--- Given information ---
───

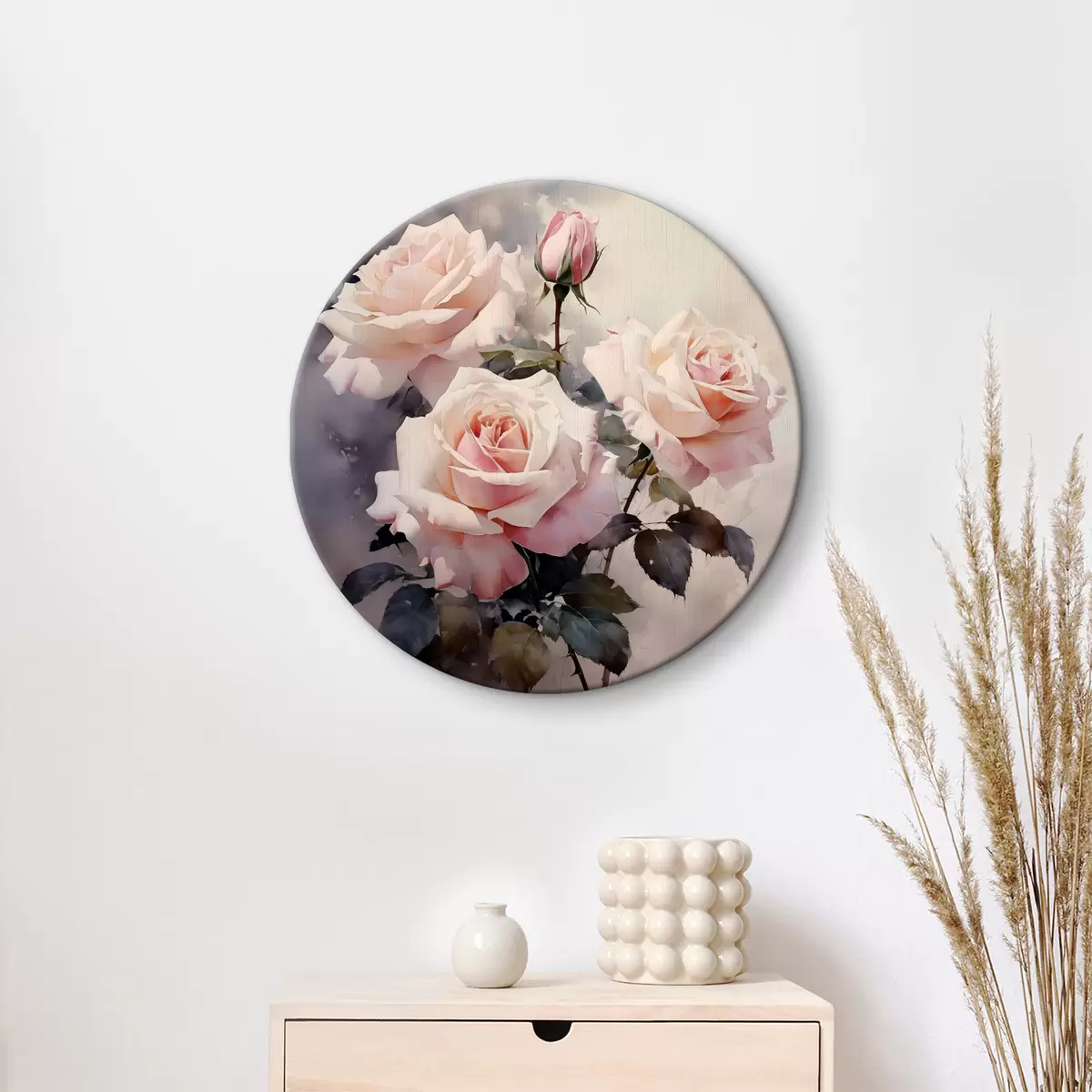 Tableaux rondes Aquarelle de roses blanches et roses sur fond sombre Nr r39927
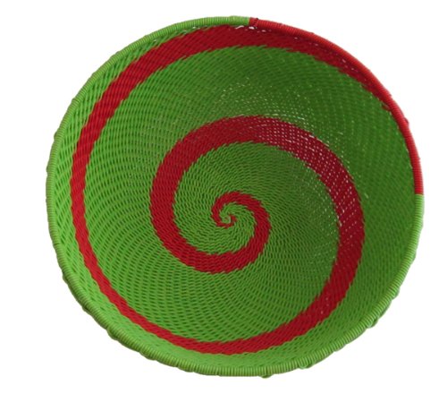 Gorgeous Hand Woven Green & Red African Zulu Telephone Wire Basket. Handmade in Africa, these striking telephone wire woven baskets in bright colors are the signature mark of contemporary Zulu handicraft. They are both elegant and charming, making them a lovely home décor gift. Known as imbenge baskets, the Zulu believe they add pride, warmth and dignity to a home. We couldn't agree more. Whether you use them as a bright decor accent or for serving nuts and crackers, they offer a startling burst of color and simple design. The basket weaving tradition in Africa originally called for grasses and natural fibers. As those materials came into short supply, the weavers began using colorful telephone wires in their place.Each weaver creates their own designs - some traditional, others more contemporary. We happen to love the beautiful simplicity of these spiral designs in brilliant colors. Baskets measure 6" diameter, 2.5" tall. Baskets are not sealed to hold liquid, rather feature an open weave. To clean, rinse with soap and water. Read more...
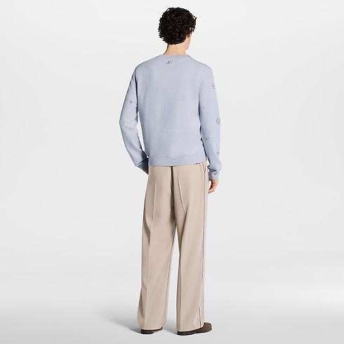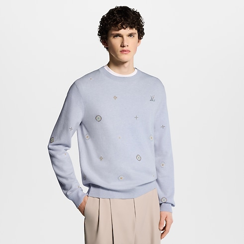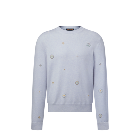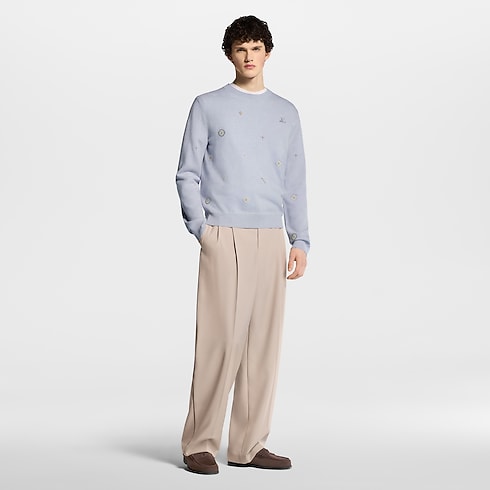 This pale lavender pullover is crafted from responsibly sourced lambswool in a fine knit, bringing a fresh and cheerful accent to spring looks. It is adorned all over the front and sleeves with a delicate rhinestone Blooming Monogram motif adding a chic accent that can carry from day through to casual evenings, while LV signatures adorn the chest and back.

───

--- Your instructions ---
Pictures stay out. Everything else in the listing gets printed exactly.

--- Solution ---
 Tableaux rondes Aquarelle de roses blanches et roses sur fond sombre Nr r39927
 Gorgeous Hand Woven Green & Red African Zulu Telephone Wire Basket. Handmade in Africa, these striking telephone wire woven baskets in bright colors are the signature mark of contemporary Zulu handicraft. They are both elegant and charming, making them a lovely home décor gift. Known as imbenge baskets, the Zulu believe they add pride, warmth and dignity to a home. We couldn't agree more. Whether you use them as a bright decor accent or for serving nuts and crackers, they offer a startling burst of color and simple design. The basket weaving tradition in Africa originally called for grasses and natural fibers. As those materials came into short supply, the weavers began using colorful telephone wires in their place.Each weaver creates their own designs - some traditional, others more contemporary. We happen to love the beautiful simplicity of these spiral designs in brilliant colors. Baskets measure 6" diameter, 2.5" tall. Baskets are not sealed to hold liquid, rather feature an open weave. To clean, rinse with soap and water. Read more...
 This pale lavender pullover is crafted from responsibly sourced lambswool in a fine knit, bringing a fresh and cheerful accent to spring looks. It is adorned all over the front and sleeves with a delicate rhinestone Blooming Monogram motif adding a chic accent that can carry from day through to casual evenings, while LV signatures adorn the chest and back.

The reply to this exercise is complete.